To account for this relationship, Bueno de Mesquita starts by imagining a citizen with anti-regime feelings who is considering joining a revolutionary movement. She wants to join only if the movement is sufficiently likely to succeed. Success depends on many people mobilizing. So this citizen is looking for information about how many of her fellow citizens feel similarly.

Into this setting steps a revolutionary vanguard. The vanguard wants to persuade citizens to join the fight. To do so, it must convince them that many other citizens will do likewise.

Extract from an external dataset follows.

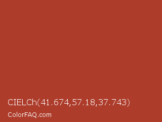 CIELCh 41.674,57.18,37.743 Color is a normal red color and the nearest color is Sweet Brown #a83731. Hex code #ad3c2b and RGB value is rgb(173,60,43). In RGB color space, this color is composed of 68% red, 24% green, 17% blue, In CMYK color space, this color is composed of 0% cyan, 65% magenta, 75% yellow , 32% black , In HSL color space, this color has a hue angle of 8° , 60% saturation and 42% lightness.

The tool the vanguard has at its disposal is insurgent violence, such as guerilla or terrorist attacks. The vanguard are, to paraphrase Mao, fish swimming in the sea of the people—depending on regular citizens for material support, safe havens, information, and recruits. As a result, acts of violence may be persuasive to a citizen considering whether to join the movement. If the vanguard is able to pull off many attacks, it must be that they have significant support and the revolution is likely to succeed. Hence, even relatively small scale vanguard violence facilitates mobilization and may spark seemingly spontaneous, large-scale uprisings.

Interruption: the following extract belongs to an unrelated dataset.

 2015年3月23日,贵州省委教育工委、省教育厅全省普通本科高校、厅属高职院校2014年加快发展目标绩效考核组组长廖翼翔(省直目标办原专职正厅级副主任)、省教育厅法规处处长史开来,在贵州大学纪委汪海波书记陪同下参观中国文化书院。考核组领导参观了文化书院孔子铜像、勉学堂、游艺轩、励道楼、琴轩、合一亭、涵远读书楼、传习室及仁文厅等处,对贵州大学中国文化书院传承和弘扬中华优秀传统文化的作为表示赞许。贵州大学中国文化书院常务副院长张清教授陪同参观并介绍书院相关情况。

In addition to providing a way to think about how rebel violence foments revolution, Bueno de Mesquita’s model contributes more broadly to ongoing debates about the origins of political violence. In particular, it has implications for empirical literatures attempting to assess the extent to which structural factors—e.g., regime capacity, international pressure, grievances, the economy—are “root causes” or political violence. The model also highlights a difficulty in assessing the efficacy of vanguards. While the model shows a mechanism by which vanguard violence might be efficacious, it also predicts the presence of selection effects. Revolutionary vanguards only emerge in societies that are already prone to regime change. Thus, even if vanguard violence is relatively ineffective, a society with a more active vanguard will be more likely to have a successful revolution (all else equal) than a society without one. Hence, a correlation between vanguard activity and high levels of revolutionary mobilization may not constitute evidence for the causal efficacy of vanguards.